NOVICE:

A Christian possessing a more ardent desire to approach God will, either alone or in a monastic community, seek solitude. It is for this reason that secluded locations were sought out during the first centuries by hermits and later in different forms by many monks. In addition to prayer – in principle they recited psalms – they devoted most of their time to meditation on God, divine mysteries, divine love, and the relationship between God and man.  The subject of that meditation was in general taken from the Scriptures. Some of them memorized all 150 psalms and many biblical passages.  Their daily routine was shared amongst prayer, meditation, work and rest. The followers of St. Benedict in particular have developed and put into practice special methods for reading and meditating that are nowadays known as “lectio divina” (divine reading). According to this method, meditation progresses in four stages or steps: reading, meditation, prayer and contemplation.  This technique of reading and meditating was practiced chiefly in monasteries but was also recommended to other Christians by Pope Paul VI and Benedict XVI. We Cistercians have placed great emphasis on meditation since the foundation of our order.  St.

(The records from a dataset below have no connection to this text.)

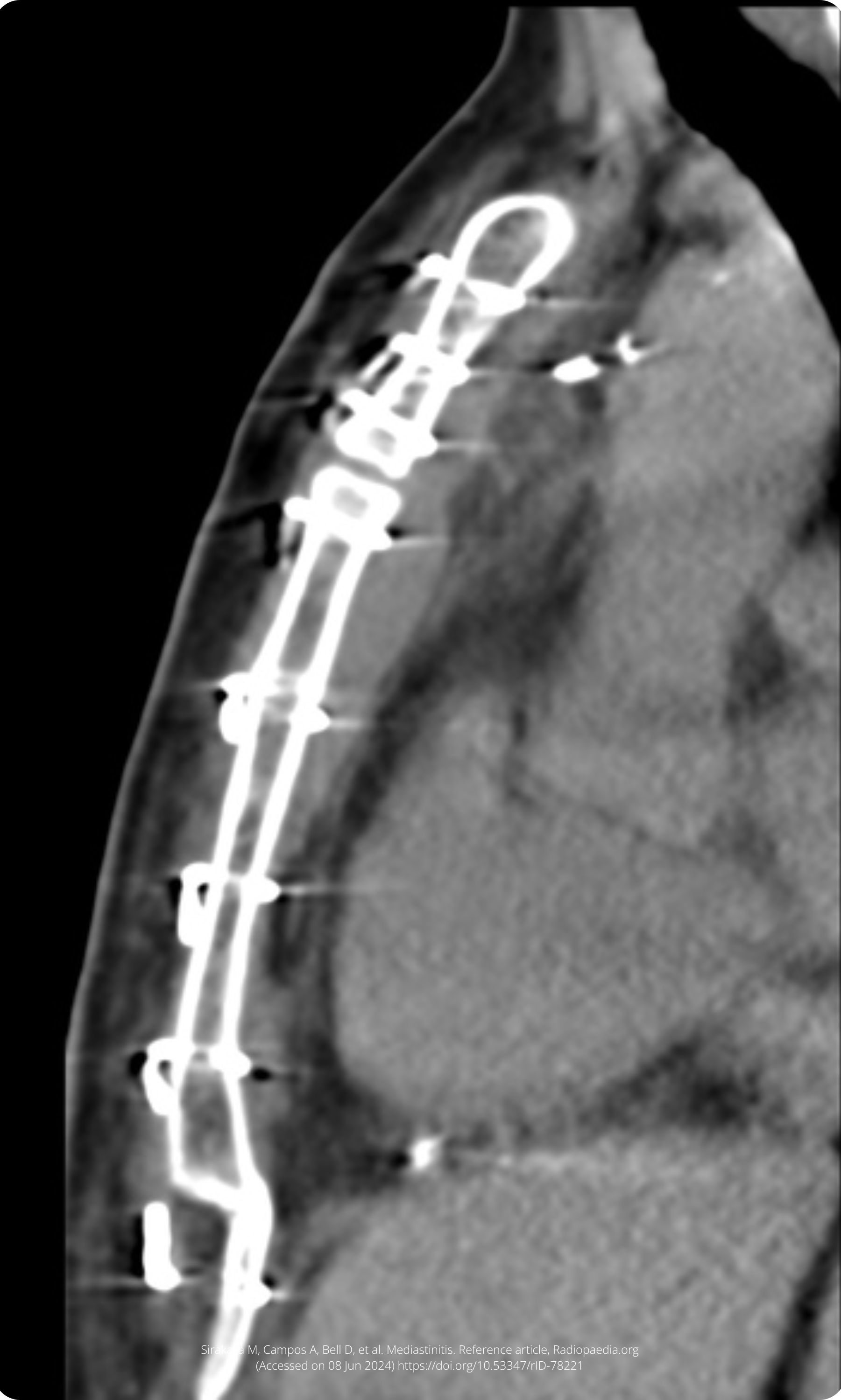 A 57-year-old lady presents with a sternal wound sinus 4 weeks after a median sternotomy for a mitral valve replacement.
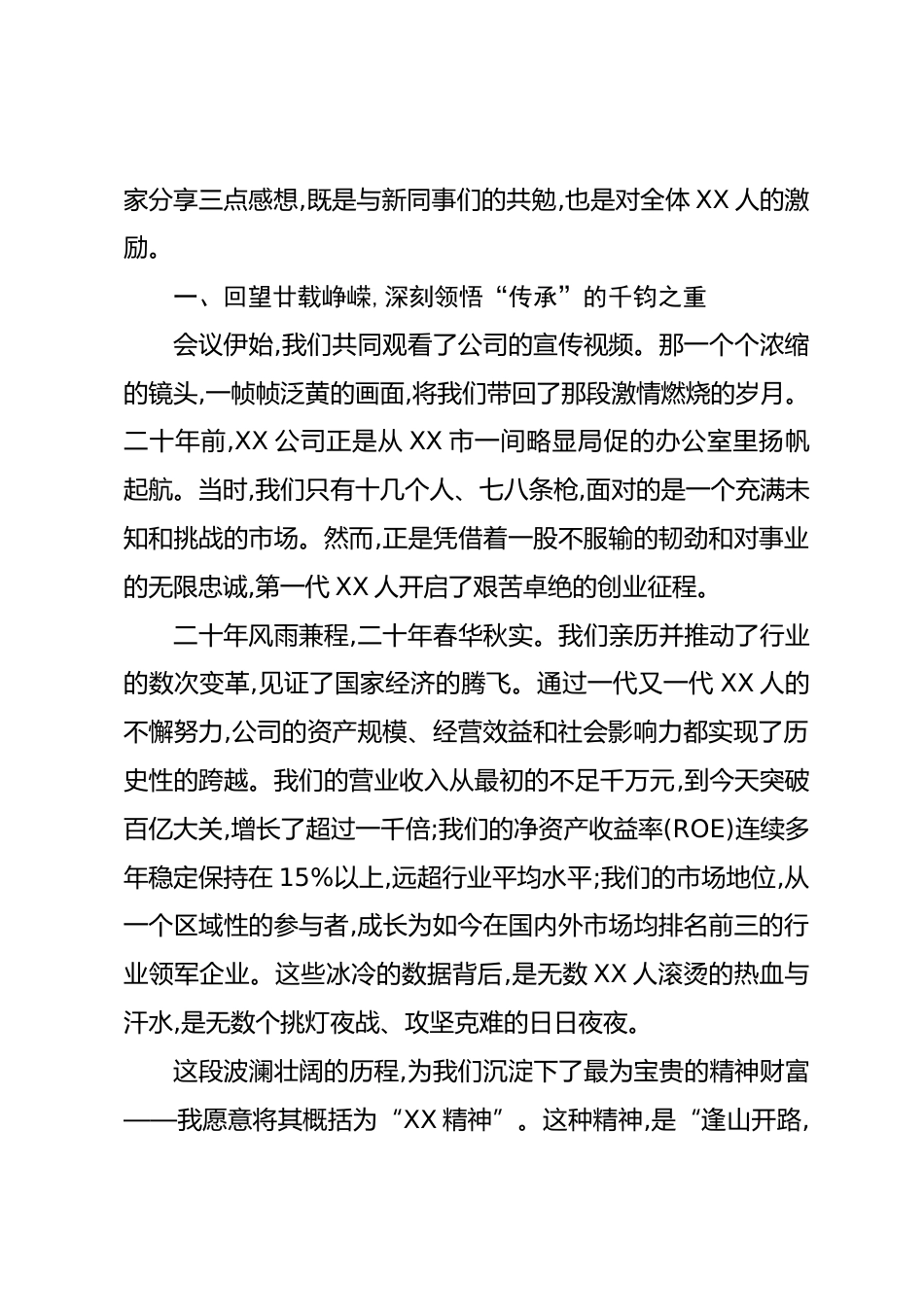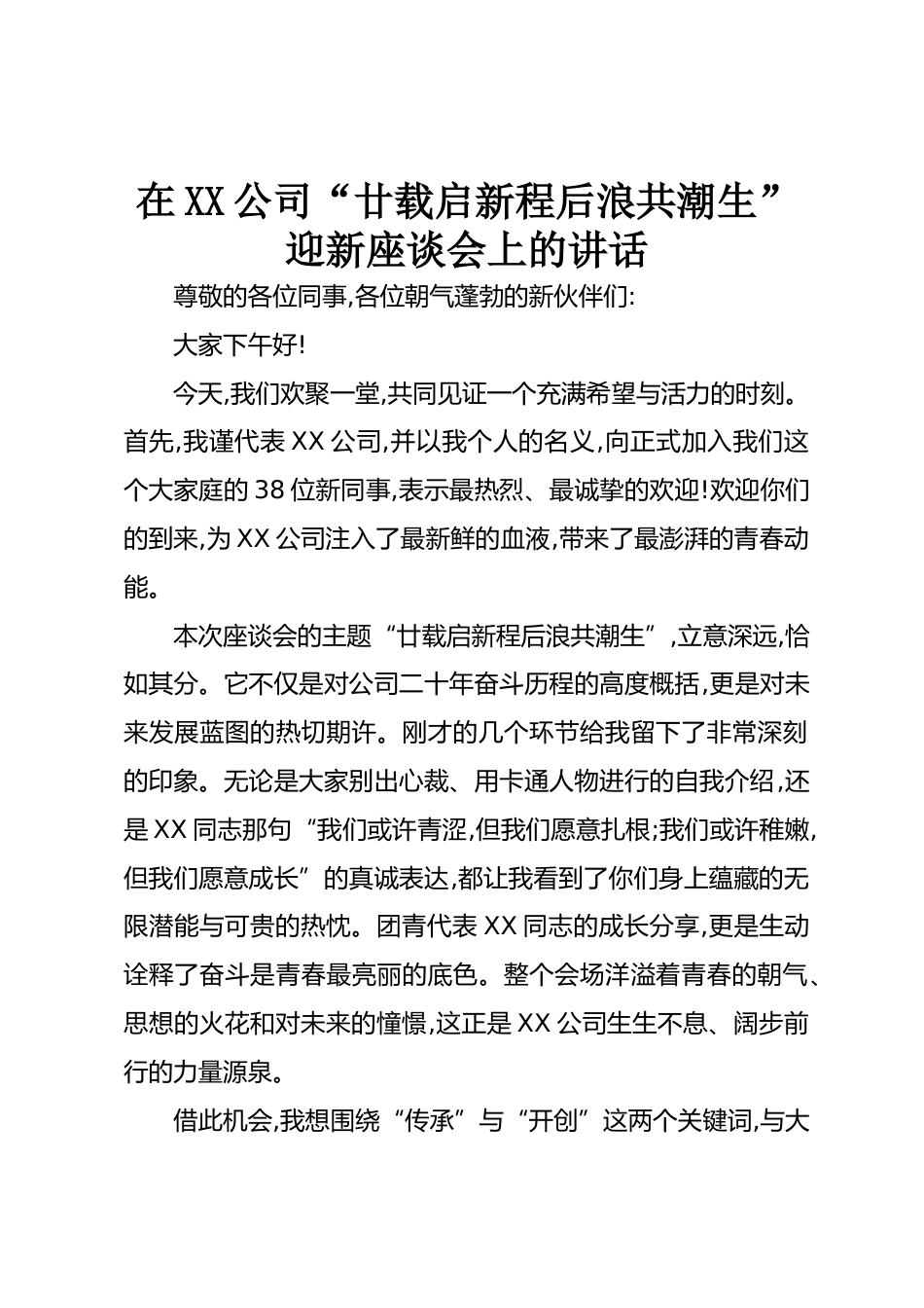 在XX公司“廿載啟新程后浪共潮生”迎新座談會上的講話
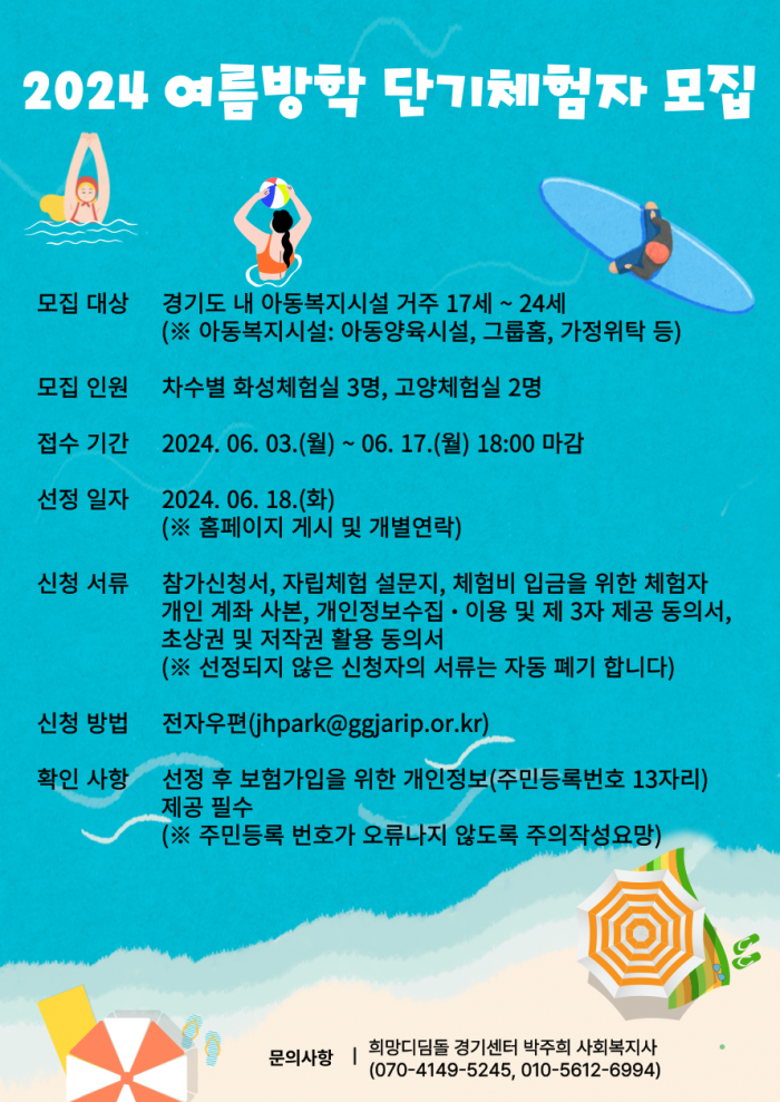 2024년 여름방학 단기체험자 모집안내(화성, 고양)
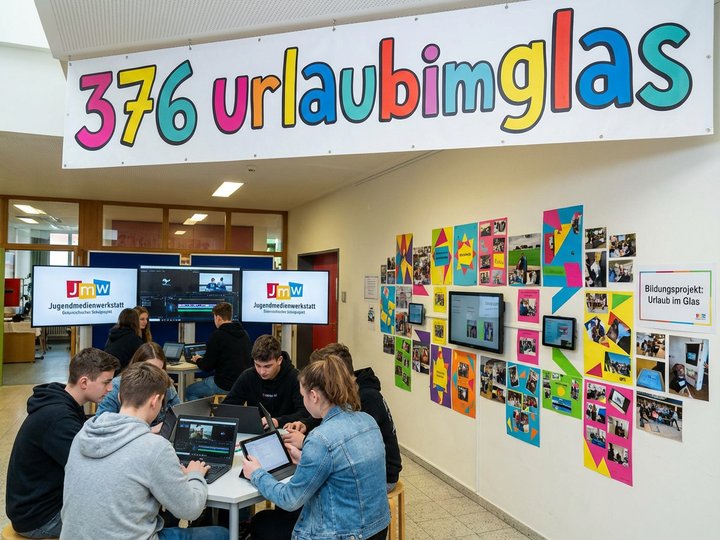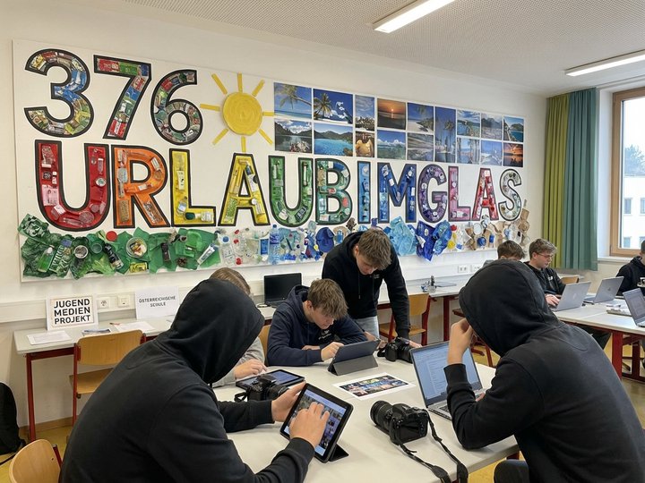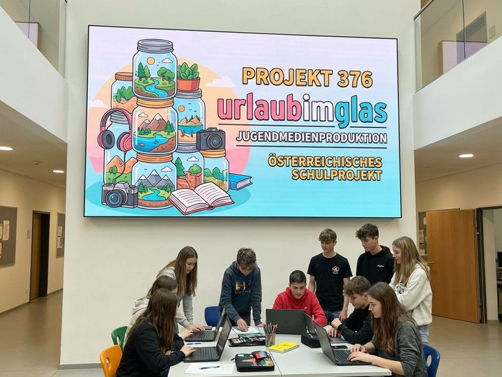 „Urlaub im Glas“ ist eine durch und durch eigenständige Produktion, realisiert mit der Unterstützung der Ortweinschule Graz. Dabei haben sich die Schüler detailliert mit den technischen Voraussetzungen eines One-Shots unter Wasser auseinandergesetzt und die darin implizierten Herausforderungen bravourös gemeistert.
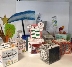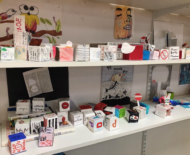 Tous les élèves de toutes les classes de 6e ont réalisé « un cube contre le harcèlement » ; plus d’une centaine de cubes ont ainsi envahi les étagères de la salle d’arts plastiques ; l’idée est de les rassembler en une seule oeuvre et de réfléchir ensemble à un projet collectif (ce projet n’était pas prévu, mais c’est toujours intéressant de créer de nouveaux projets, à partir des réalisations des élèves ) :
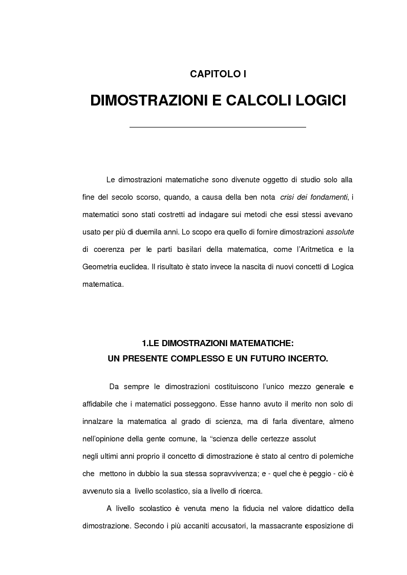 Capitolo I Dimostrazioni E Calcoli Logici Le Dimostrazioni Matematiche Sono Divenute Oggetto Di Studio Solo Alla Fine Del Secolo Scorso Tesionline

Bernard valued meditation on the written word: “All my erudition and all my understanding of the Scriptures, all the penetration in their so often hidden meaning I have gained mostly in the woods and on the fields during meditation and prayer.” At Stična the time between Lauds and the community’s celebration of Mass is reserved for meditation, and during his daily routine each monk should also set aside suitable time to meditate, arranged around his work duties.